* TASK PROMPT *
Copy, word for word, the lines of the listing below from the line with "昨日、産まれたての子猫5匹と母猫を保護しました。" up to and including the line with "本次比赛由学生篮球赛冠军队和". Drop the pictures.

* RECORDS TO PROCESS *
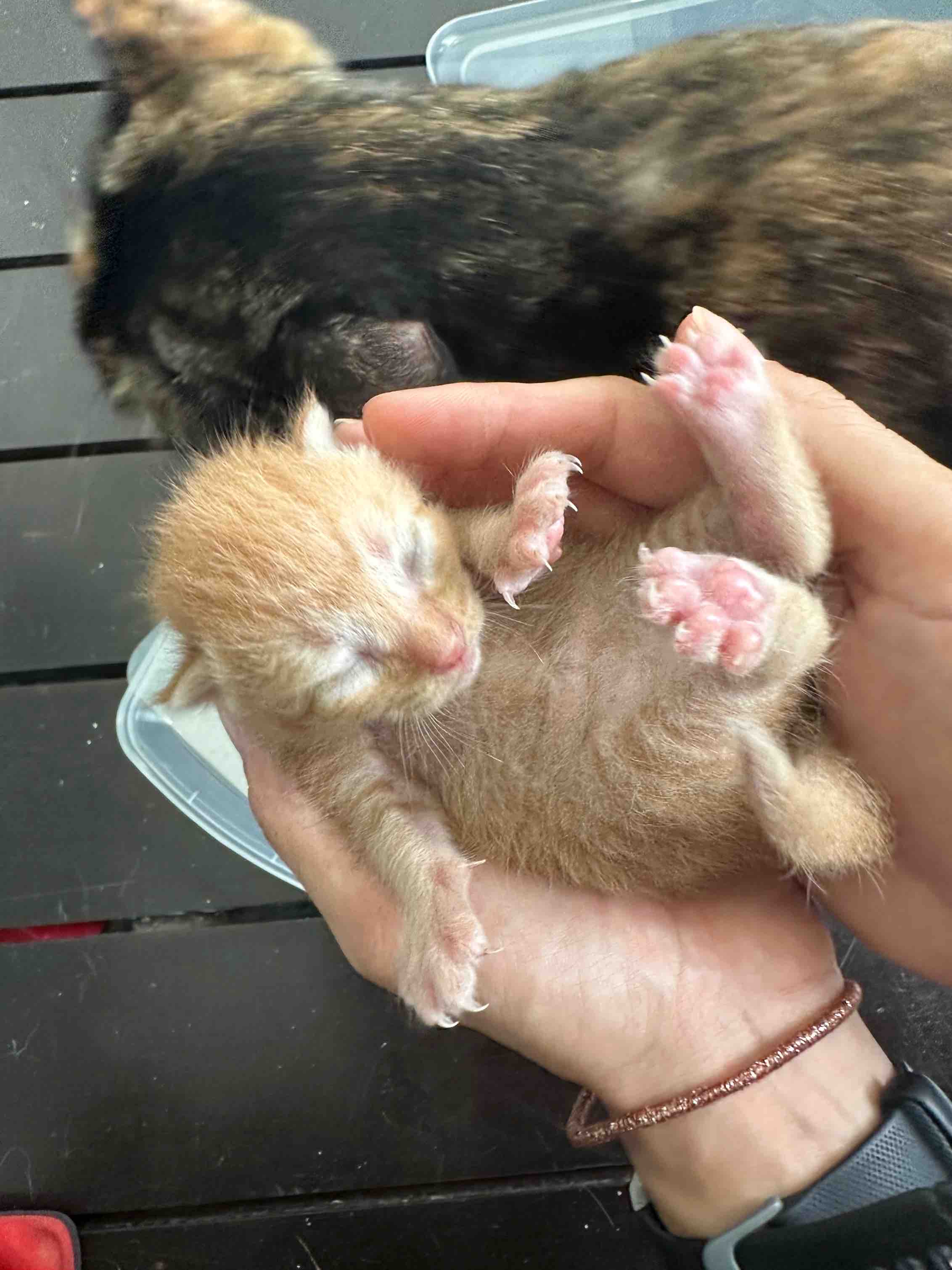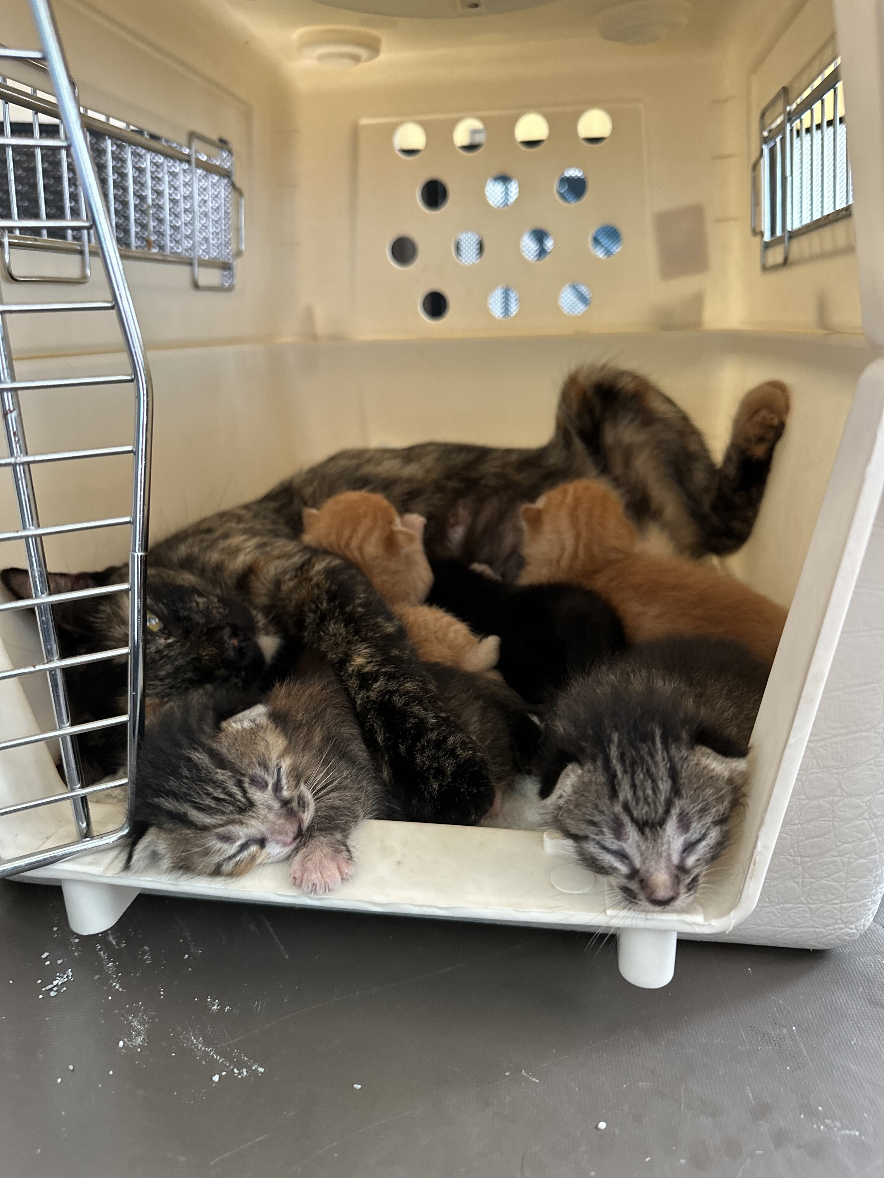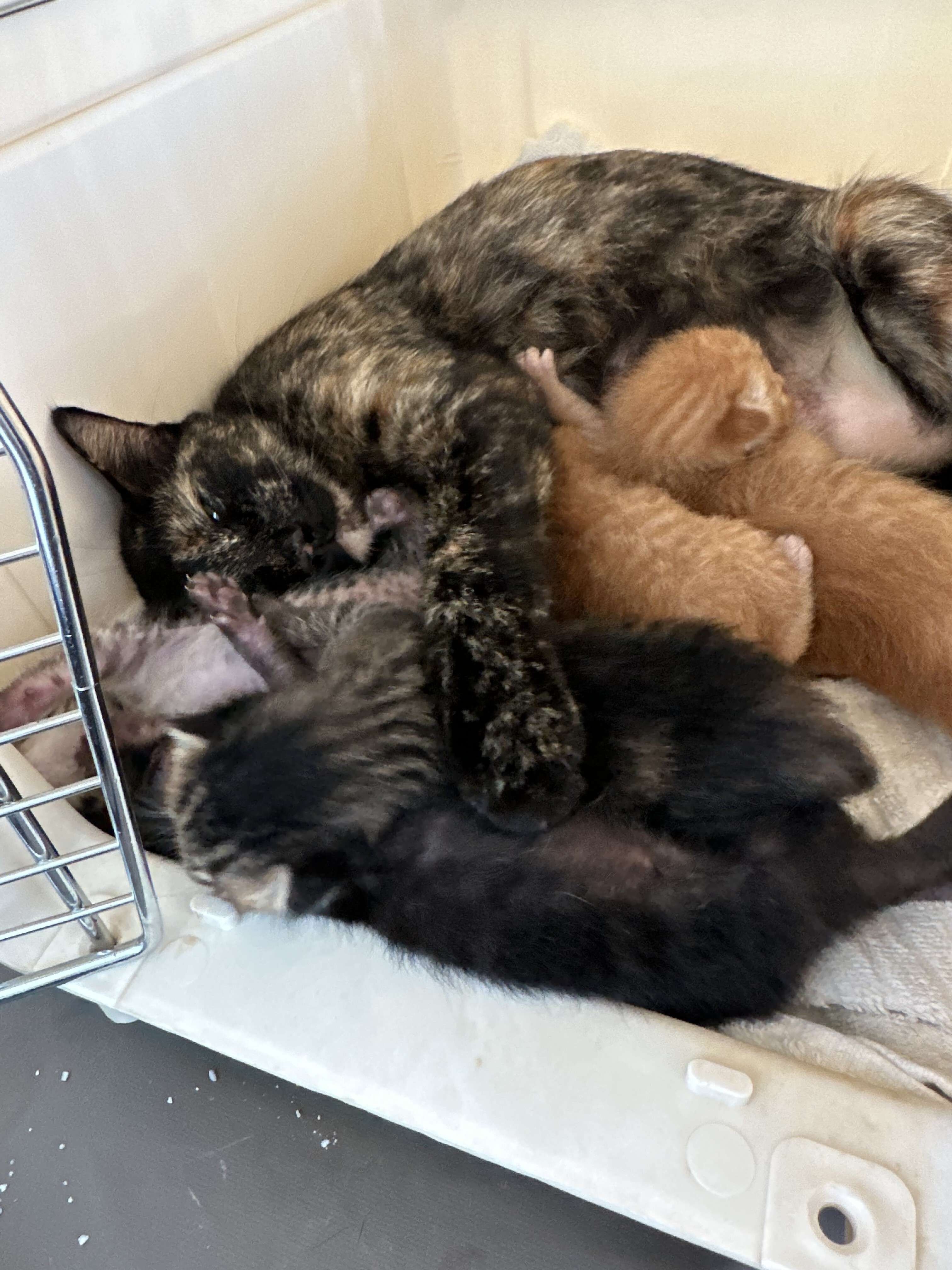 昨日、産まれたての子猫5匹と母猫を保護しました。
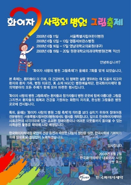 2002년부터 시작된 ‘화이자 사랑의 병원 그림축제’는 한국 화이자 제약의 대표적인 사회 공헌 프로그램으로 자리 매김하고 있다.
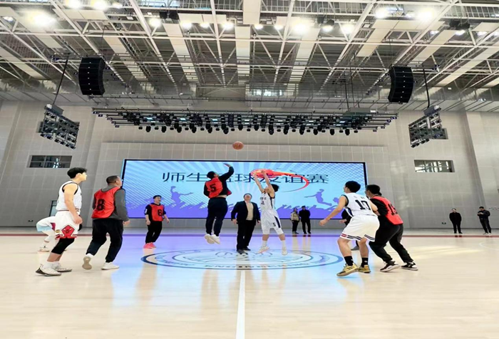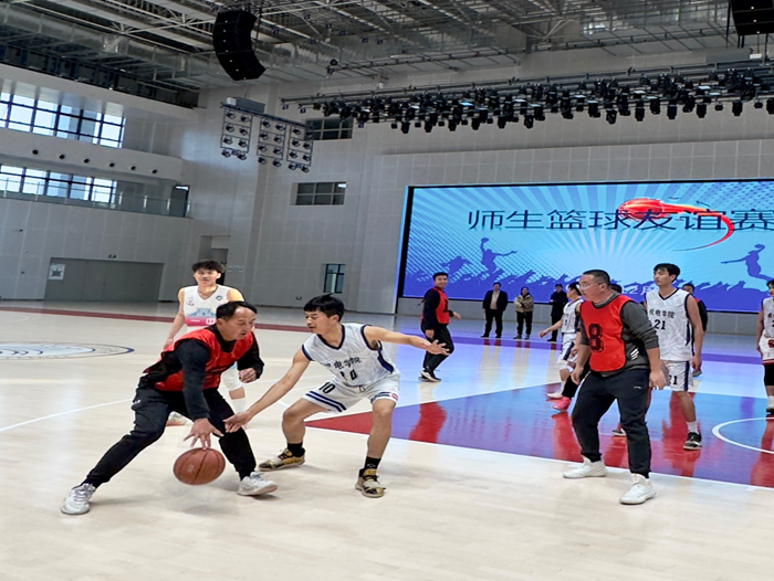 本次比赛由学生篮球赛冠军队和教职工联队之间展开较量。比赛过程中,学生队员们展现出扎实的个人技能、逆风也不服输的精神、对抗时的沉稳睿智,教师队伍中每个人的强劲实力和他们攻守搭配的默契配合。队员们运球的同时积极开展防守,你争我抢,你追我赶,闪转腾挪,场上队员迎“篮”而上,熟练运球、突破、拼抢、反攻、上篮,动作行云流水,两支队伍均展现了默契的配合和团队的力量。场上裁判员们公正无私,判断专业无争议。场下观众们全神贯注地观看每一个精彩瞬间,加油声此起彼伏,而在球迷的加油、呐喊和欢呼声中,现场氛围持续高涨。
--
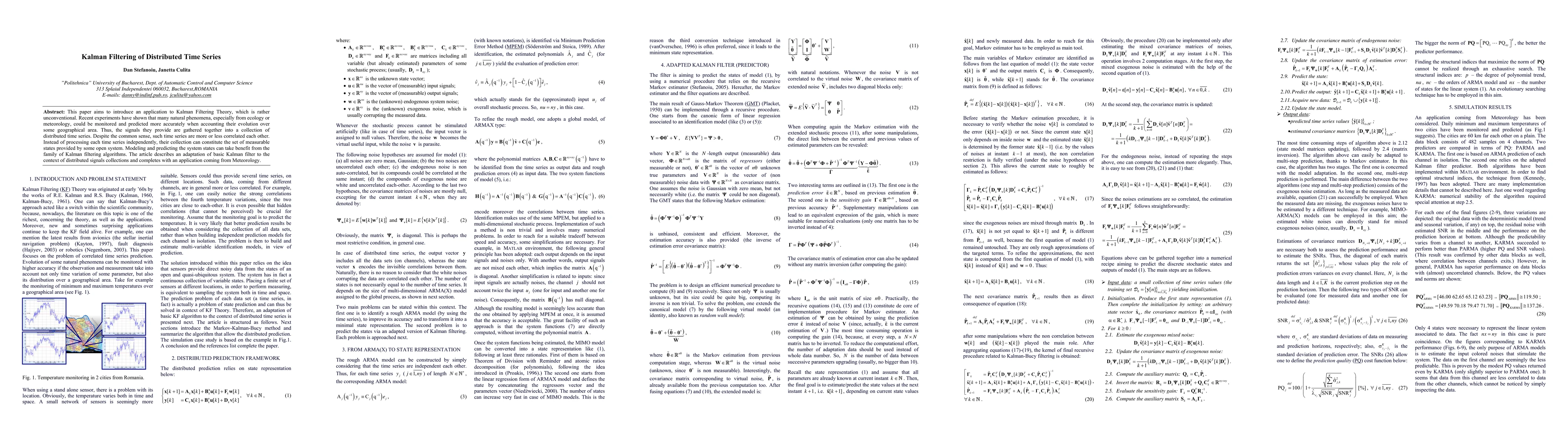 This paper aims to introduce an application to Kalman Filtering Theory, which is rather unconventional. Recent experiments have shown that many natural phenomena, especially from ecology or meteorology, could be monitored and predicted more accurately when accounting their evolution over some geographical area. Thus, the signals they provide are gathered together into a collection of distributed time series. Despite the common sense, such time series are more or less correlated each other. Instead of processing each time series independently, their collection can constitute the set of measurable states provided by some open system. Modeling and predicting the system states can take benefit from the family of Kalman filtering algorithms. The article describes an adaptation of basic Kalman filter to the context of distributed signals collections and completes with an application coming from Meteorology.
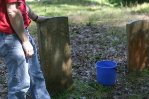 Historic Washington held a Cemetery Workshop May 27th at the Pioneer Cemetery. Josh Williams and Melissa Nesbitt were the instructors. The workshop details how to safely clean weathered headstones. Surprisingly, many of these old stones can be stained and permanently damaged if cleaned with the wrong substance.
* * *
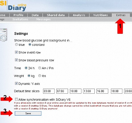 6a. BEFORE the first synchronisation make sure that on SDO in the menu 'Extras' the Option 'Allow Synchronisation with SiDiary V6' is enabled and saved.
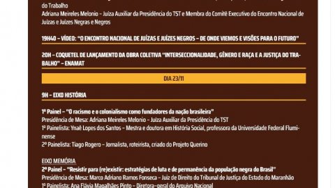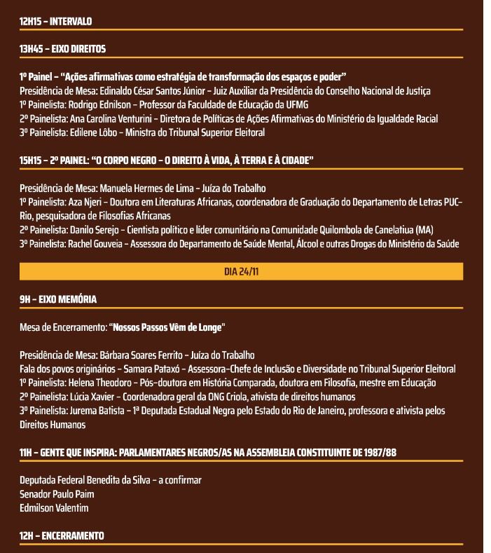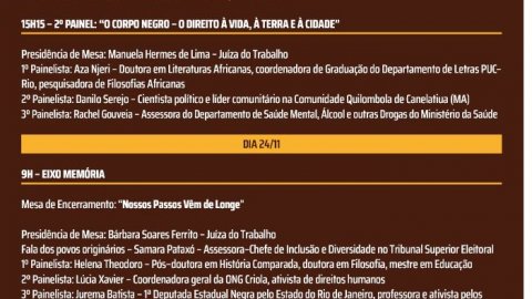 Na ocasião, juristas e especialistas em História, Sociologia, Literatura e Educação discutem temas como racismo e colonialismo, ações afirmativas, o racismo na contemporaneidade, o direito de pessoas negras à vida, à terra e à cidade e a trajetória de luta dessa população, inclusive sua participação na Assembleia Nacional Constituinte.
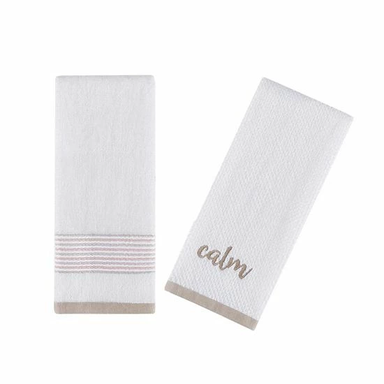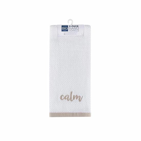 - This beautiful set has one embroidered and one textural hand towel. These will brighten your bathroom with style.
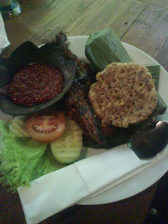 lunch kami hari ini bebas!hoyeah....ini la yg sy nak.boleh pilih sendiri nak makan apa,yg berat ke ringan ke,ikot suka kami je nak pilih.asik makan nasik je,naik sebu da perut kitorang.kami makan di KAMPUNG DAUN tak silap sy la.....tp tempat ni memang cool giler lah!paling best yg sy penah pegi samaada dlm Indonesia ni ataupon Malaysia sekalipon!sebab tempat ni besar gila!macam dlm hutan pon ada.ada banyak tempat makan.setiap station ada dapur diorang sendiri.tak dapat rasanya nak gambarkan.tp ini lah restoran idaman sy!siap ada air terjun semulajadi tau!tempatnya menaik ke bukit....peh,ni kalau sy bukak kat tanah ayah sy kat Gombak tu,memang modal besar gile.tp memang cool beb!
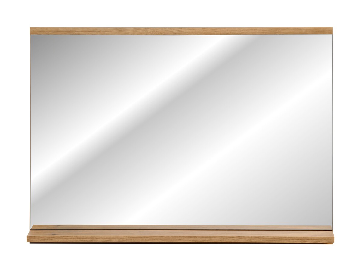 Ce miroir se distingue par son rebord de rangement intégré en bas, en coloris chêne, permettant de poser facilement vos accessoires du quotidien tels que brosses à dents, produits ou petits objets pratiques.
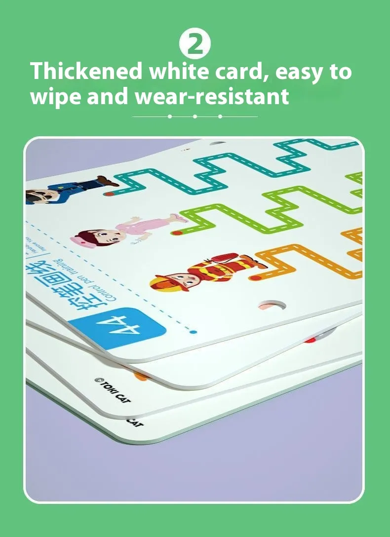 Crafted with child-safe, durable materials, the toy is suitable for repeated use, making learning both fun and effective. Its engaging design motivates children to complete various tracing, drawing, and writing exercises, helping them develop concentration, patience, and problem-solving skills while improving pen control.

* TASK SOLUTION *
 昨日、産まれたての子猫5匹と母猫を保護しました。
 2002년부터 시작된 ‘화이자 사랑의 병원 그림축제’는 한국 화이자 제약의 대표적인 사회 공헌 프로그램으로 자리 매김하고 있다.
 本次比赛由学生篮球赛冠军队和教职工联队之间展开较量。比赛过程中,学生队员们展现出扎实的个人技能、逆风也不服输的精神、对抗时的沉稳睿智,教师队伍中每个人的强劲实力和他们攻守搭配的默契配合。队员们运球的同时积极开展防守,你争我抢,你追我赶,闪转腾挪,场上队员迎“篮”而上,熟练运球、突破、拼抢、反攻、上篮,动作行云流水,两支队伍均展现了默契的配合和团队的力量。场上裁判员们公正无私,判断专业无争议。场下观众们全神贯注地观看每一个精彩瞬间,加油声此起彼伏,而在球迷的加油、呐喊和欢呼声中,现场氛围持续高涨。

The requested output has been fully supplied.